Nitrogen adsorption on carbon nanotube bundles: Role of the external surface

Abstract

Nitrogen adsorption on two types of single-walled carbon nanotube bundles at both subcritical and supercritical temperatures is studied using Gibbs ensemble Monte Carlo simulation to understand the role of the external surface in the type of isotherm. On an infinite periodic hexagonal bundle without an external surface, which was mostly used in previous theoretical studies, subcritical adsorption is of type I with two steps in the adsorption isotherm and two maxima in the isosteric heat corresponding to adsorption, first forming annuli inside the nanotubes, and then with increased coverage at the centers of the nanotubes. Supercritical adsorption is also of type I, but with one step in the adsorption isotherm and a single maximum in the isosteric heat. Also, at high pressures the interstitial channels between the nanotubes become accessible to nitrogen molecules. On a small isolated hexagonal bundle with an external surface, subcritical adsorption is of type II, as has been observed in experiments, with two steps in the adsorption isotherm and two maxima in the isosteric heat. The first step corresponds to adsorption at the internal annuli and the grooves between the nanotubes, and the second step results from adsorption at the ridges on the external surface of the bundle and at the centers of the nanotubes. At higher coverages multilayer adsorption and wetting occur on the external surface as the bulk phase approaches saturation.

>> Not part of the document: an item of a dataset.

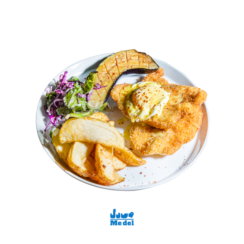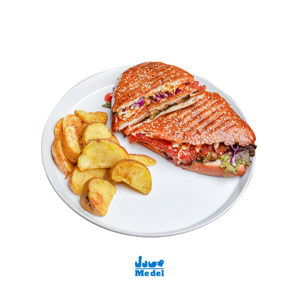 شنیسل سینه مرغ، کاهو، خیار شور،سالاد مخصوص، سس بوفالو

Supercritical adsorption is of type I, without a step in the adsorption isotherm or a maximum in the isosteric heat, and there is no nitrogen adsorption in the interstitial channels even at high pressures. These results demonstrate the important role of the external surface of the nanotube bundle in the character of adsorption isotherm, and provide a substantial physical explanation for the difference between experimental observation and previous theoretical prediction.